The Person Behind The Lithium-Ion Battery

Professor John Goodenough of the University of Texas at Austin is widely credited with the work leading up to the lithium-ion energy storage breakthrough.

“He identified and developed the critical materials that provided the high-energy density needed to power portable electronics, initiating the wireless revolution,” explains UT.

“In 1979, Goodenough showed that by using lithium cobalt oxide as the cathode of a lithium-ion rechargeable battery, it would be possible to achieve a high density of stored energy with an anode other than metallic lithium,” UT adds, noting that Goodenough won the Nobel Prize in Chemistry in 2019 for his work, among a long list of other prizes and recognitions.

You’re Never Too Old To Invent New Energy Storage Technology

CleanTechnica caught up with the inventor in 2015, when we caught wind of a new energy storage invention cooked up by Goodenough and his team. At an age when most people are living out Episode 6 of Limitless (spoiler alert!), Goodenough came up with a new sodium-ion battery based on NaFe(SO4)2, which is the formula for Eldfellite, a mineral found in Iceland after a volcano erupted (for those of you keeping score at home, that was the Eldfell eruption of 1973).

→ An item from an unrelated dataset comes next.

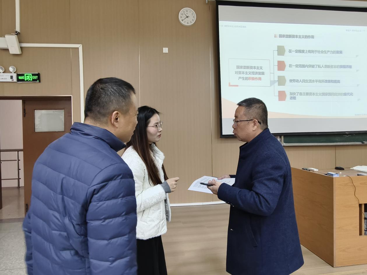 课间,陆启义教授与叶慧老师进行了深入交流。他对授课教师扎实的理论功底、认真的教学态度以及富有启发性的教学设计给予了充分肯定,特别指出“学生课前问题清单”这一环节有效衔接了学情与教学内容。同时,结合当前思政课改革前沿与教学实际,陆启义教授就如何进一步增强教学案例的时效性与针对性、创新互动模式以提升课堂吸引力、深化理论阐释的生动性与透彻性等方面,提出了具体而中肯的改进建议。叶慧老师表示,专家的点评精准透彻,为其后续优化教学提供了清晰的方向和宝贵的思路。

Since then, sodium-ion technology has been a frequent guest on the pages of CleanTechnica. The US Department of Energy is among those picking up the sodium-ion ball and running with it. The agency’s Pacific Northwest National Laboratory, for example, has been tweaking the formula to extend the lifespan of sodium-ion batteries.

Meanwhile, UT has also played a leading role in Teague Egan’s new EnergyX energy storage venture, which launched in 2018 to leverage a new lithium extraction method leading to solid-state battery technology as a lifespan-enhancer.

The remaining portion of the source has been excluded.